= Fiona Coote =

Australian heart transplant recipient (born 1970)

Fiona Coote is a heart transplant recipient who, upon undergoing surgery, by Dr. Victor Chang, at the age of 14 on 8 April 1984, became Australia's youngest heart transplant recipient. While Coote was the fourth transplant recipient in Australia, she is only the second to survive for a significant period.

==Personal life==
Born on 3 January 1970 and growing up on a family farm, Galen, 8 km from Manilla in northern New South Wales, Coote attended a private Catholic school near Tamworth. She married in 1996.

==Heart transplant==
The procedure was performed by the Chinese–Australian cardiothoracic surgeon Dr Victor Chang. The urgency was due to complications of viral-induced tonsillitis that dramatically weakened her heart. The surgery was performed at St Vincent's Hospital, Sydney. When she later began rejecting the first heart, Coote was forced to endure a second transplant, which took place in 1986. She has enjoyed good health since.

==Post transplant==
Much of Coote's life has been spent in the public eye and she has worked for numerous charitable organisations including the Victor Chang Foundation as a Patron and the Starlight Foundation. In 1999, Coote was appointed a Member of the Order of Australia (AM) in recognition of her public awareness promotion of heart disease, and for her work raising funds for seriously and terminally ill children.

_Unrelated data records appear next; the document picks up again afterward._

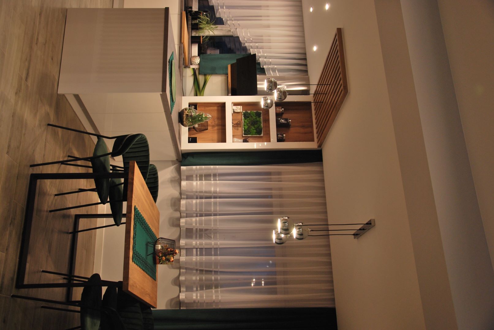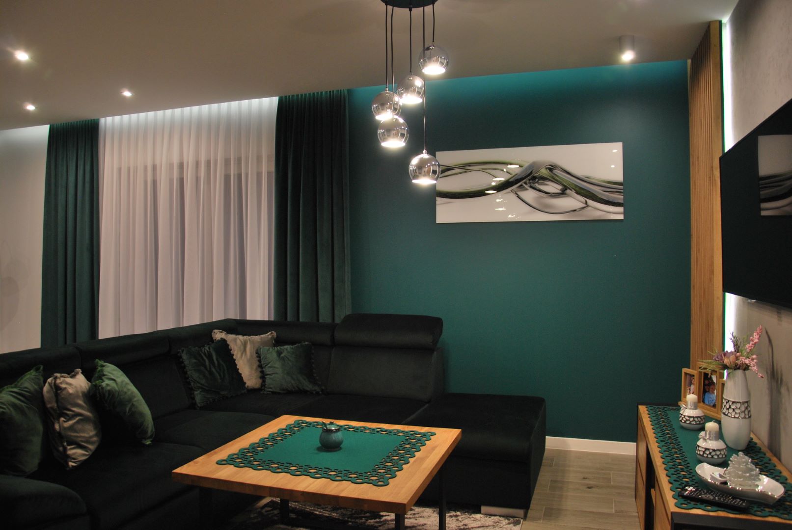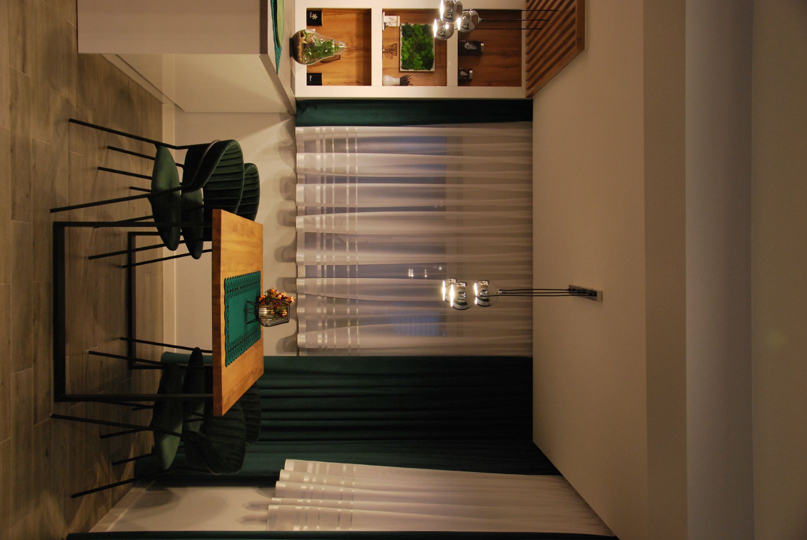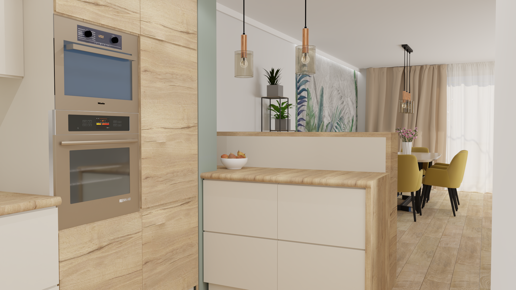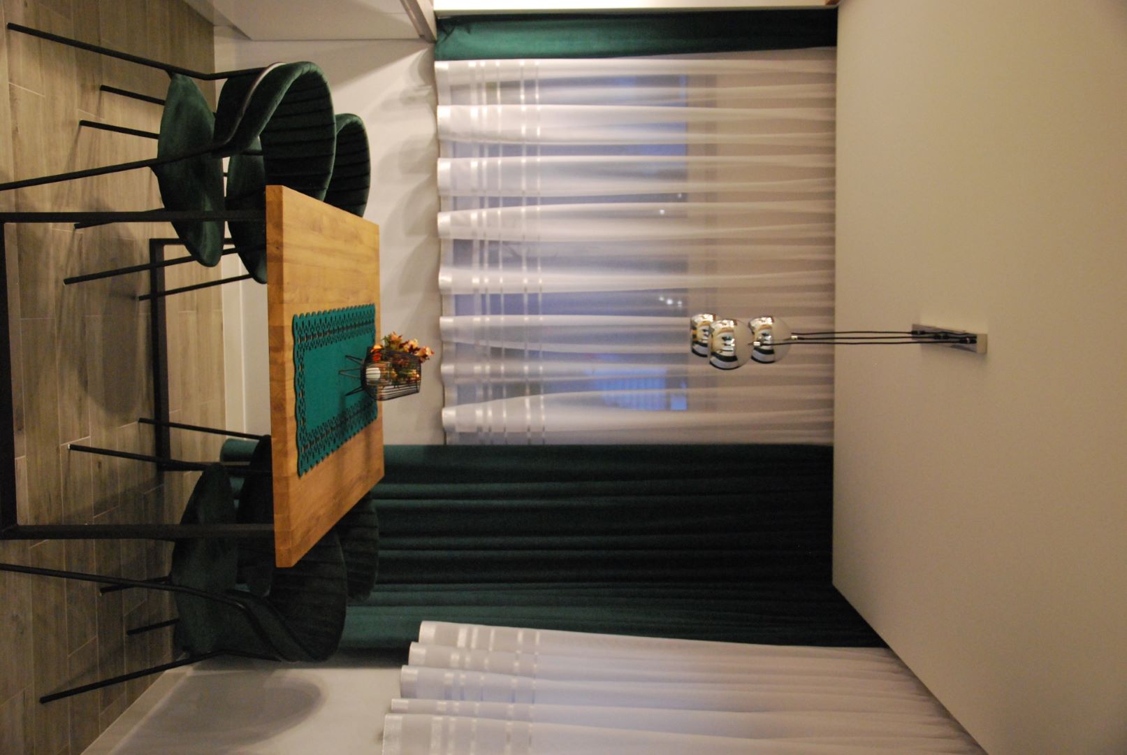 Projekt obejmował część dzienną wraz z kuchnią. Założeniem było, by ograniczyć meble do koniecznego minimum. Tak powstała przytulna i jasna strefa wypoczynkowa wraz z częścią kuchenną i jadalnianą o łagodnym charakterze, odzwierciedlająca upodobania moich klientów. Przyczyniła się do tego przestronna beżowo-drewniana kuchnia i podłogi w kolorze ciepłego drewna. Natomiast charakteru dodała całości pastelowa, szałwiowa ściana oraz stonowana kolorystycznie tapeta z roślinnym wzorem. W części jadalnianej ustawiłam duży stół z midowymi welurowymi krzesłami. W strefie wypoczynku stanęła granatowa, wygodna kanapa. Krzesla i kanapa swoimi barwami nawiązują do magicznej tapety – tworząc bajeczną całość.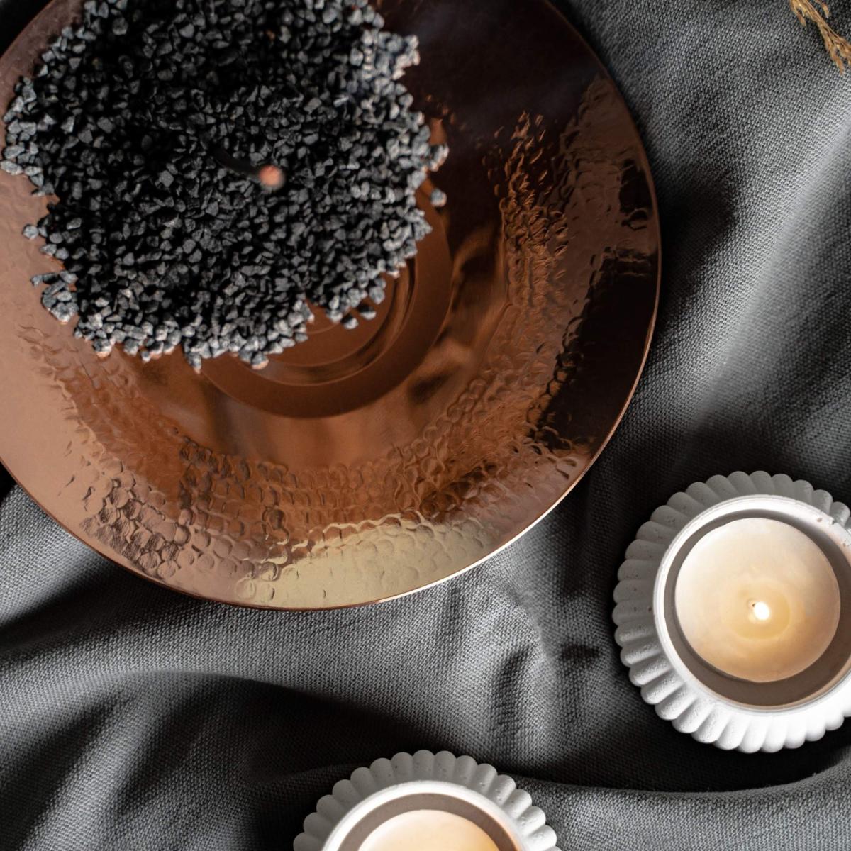 Enhance your wellness rituals with the Hand-Hammered Copper Spiral Wellness Plate, thoughtfully designed to bring balance and serenity to your sacred space. The concentric spiral pattern on the plate symbolizes harmony and inner focus, making it the perfect companion for mindfulness practices, meditation, or energy-cleansing routines. Crafted from pure copper, known for its antimicrobial and grounding properties, this plate not only exudes beauty but also supports holistic well-being. Whether you use it to hold incense, palo santo, crystals, or simply as a decorative accent, its hand-hammered texture radiates artisanal charm and tranquility.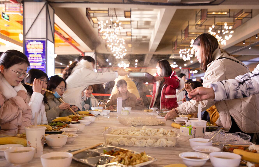 整个过程中有低头不语比赛速度的、有自嘲笨拙的、有包着饺子聊着学习趣事的.....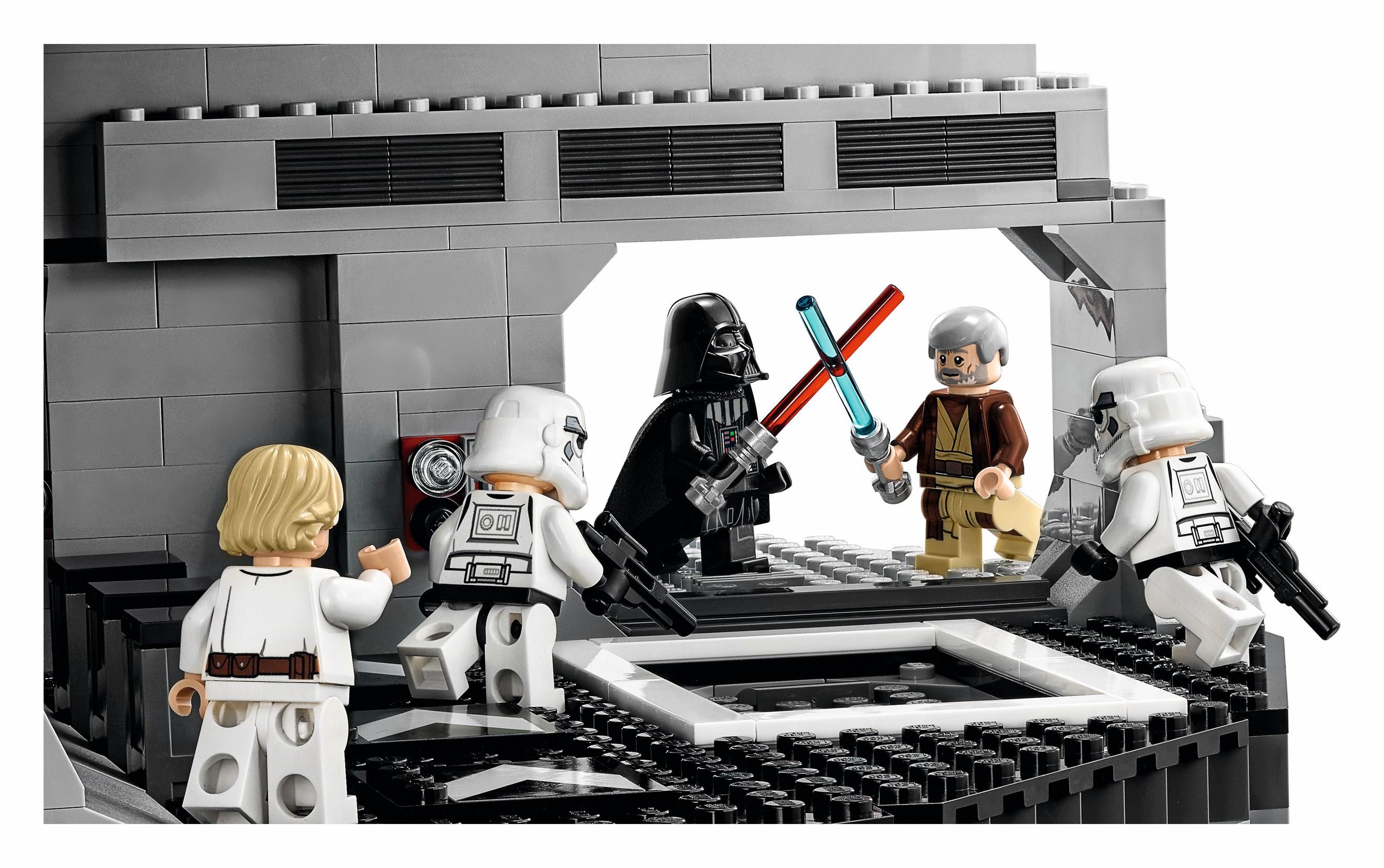 • Includes 23 minifigures: Grand Moff Tarkin, Darth Vader, Emperor Palpatine, Imperial Navy Officer, Imperial Officer, 2 Stormtroopers, 2 Death Star Troopers, 2 Emperor's Royal Guards, 2 Death Star Gunners, Death Star Droid, Obi-Wan Kenobi, Chewbacca, Princess Leia, C-3PO, Han Solo, Han Solo (disguise), Luke Skywalker (Tatooine), Luke Skywalker (disguise) and Luke Skywalker (final duel), plus R2-D2, an Imperial Astromech and a Dianoga trash compactor monster.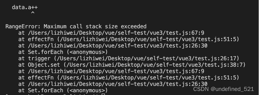 会产生这个问题,原因是fn中访问了data.a触发了get方法,把fn包了一层作为一个依赖收集到到了data.a对应的bucket中,然后又触发了data.a的set方法,于是又把bucket中的依赖拉出来执行,依赖执行的过程中又重复了以上的过程,最终导致栈溢出。其实这个问题的解决思路也不难想到,只需要在tigger方法遍历deps的时候加个activeFuction判断就可以了。

Coote has also worked in promotions for Willow Valley, a cereal manufacturer, and Dairy Farmers.

As a result of her fame, Coote was approached to appear in the Australian soap Neighbours. Despite beginning rehearsals, Coote ultimately decided acting was not for her. Channel Ten publicly blamed the back down on illness but Coote later attributed it to the associated pressure to participate in interviews and publicity for the show. Coote has made a number of television appearances, including appearing in a segment on Burke's Backyard.

In 2001 a rose was named in honour of Coote. Called "Fiona's Wish", it is a hybrid tea (bush rose) and the bi-coloured blooms are cherry red, edged with gold reverse.